Wrapping things up, let me now take this moment to remind you of a post you wrote back in September 2005 titled, Evil Spirits…Be Gone. You were writing about a bad church experience condemning homosexuals and you said this - “Madelene and I decided that we will not be tortured like that; however, we will include God in everything we do. He comes first, above all. Without God, we are nothing…Being in love with Madelene with all my heart gives me happiness; having a personal relationship with God, means the world to me.”

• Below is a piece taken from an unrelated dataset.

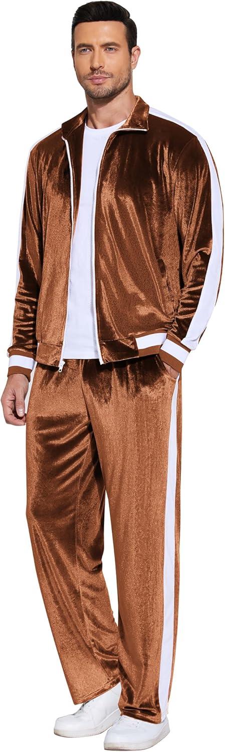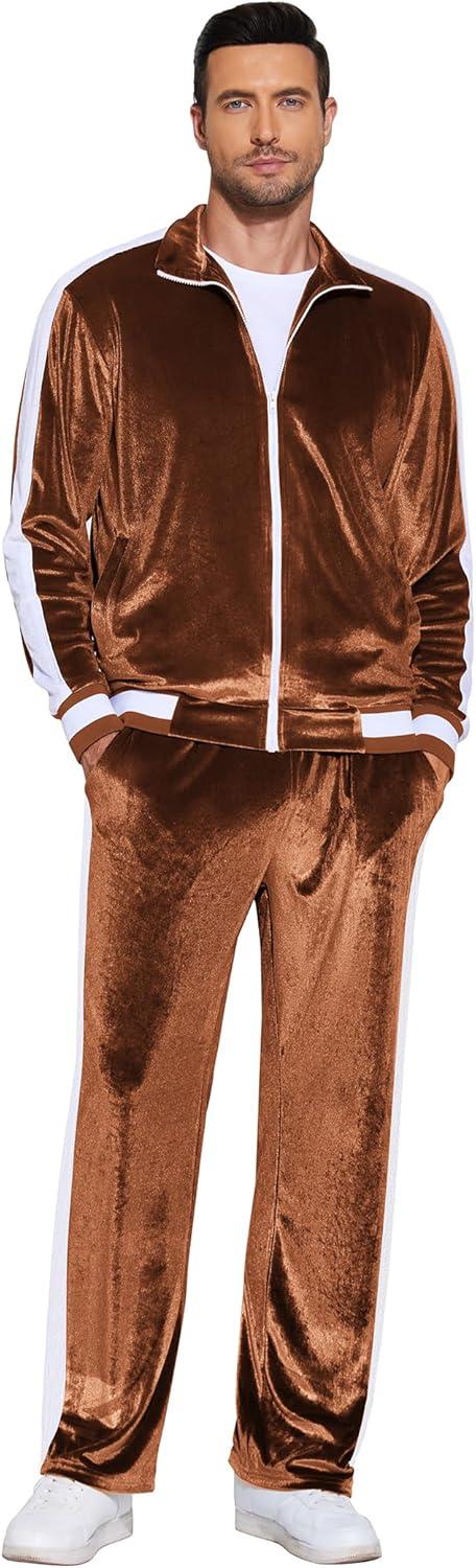 COOFANDY Mens Tracksuit 2 Piece Set Velour Sweatsuit Jogging Suits Full Zip Jacket Pants Outfits(Brown)

Now I am sure you love Madelene, but "being in love" with someone is not a justification for continuing to live in sin. Where in the Bible does it say do what feels good to make your heart happy? You and your partner were not being tortured by the church, your feelings got hurt and you were offended by the Truth. If God comes first above all, like you claim, then you should make Him first above all. God is calling you to make a choice Deb: Either continue to mock God by openly living in disobedience as a lesbian, or abandon your lifestyle if you truly want a personal relationship with the Lord of your life. You can NOT have both!

"For we know that our old self was crucified with him so that the body of sin might be done away with, that we should no longer be slaves to sin." - Romans 6:6

Will you continue to be a slave to your sin forever, Deb? For your own sake and those around you, I sure hope not. Take up your cross, deny yourself, and follow Jesus today! Do not let this sin of homosexuality reign in your mortal body any longer so that you obey its evil desires. Put your sin to death once and for all, be a "Doer of the Word" (James 1:22), and don’t be a hypocrite any longer!


Thanks again for giving me the platform to share what is on my heart. My prayer is that you will receive this in the LOVE of which it is intended.

Sincerely in Christ,

~ Dani

(Copyright 2006 - All rights reserved)

Saturday, June 03, 2006

I'm Back...

It's been quite a vacation. Plans changed from a beautiful peaceful getaway in the Hamptons, to a wild and crazy week and a half in Provincetown, MA. We ventured out with a few friends to enjoy the good ol' Cape.

To give you an idea of how the vacation was---Madelene left me for a much...umm... 'well rounded' and voluptuous woman. And to even think I had some dangerous curves! I can't compete with this one.
I'll be back Monday (or sooner) once I take a vacation from my vacation. Sorry I've been neglecting my blog.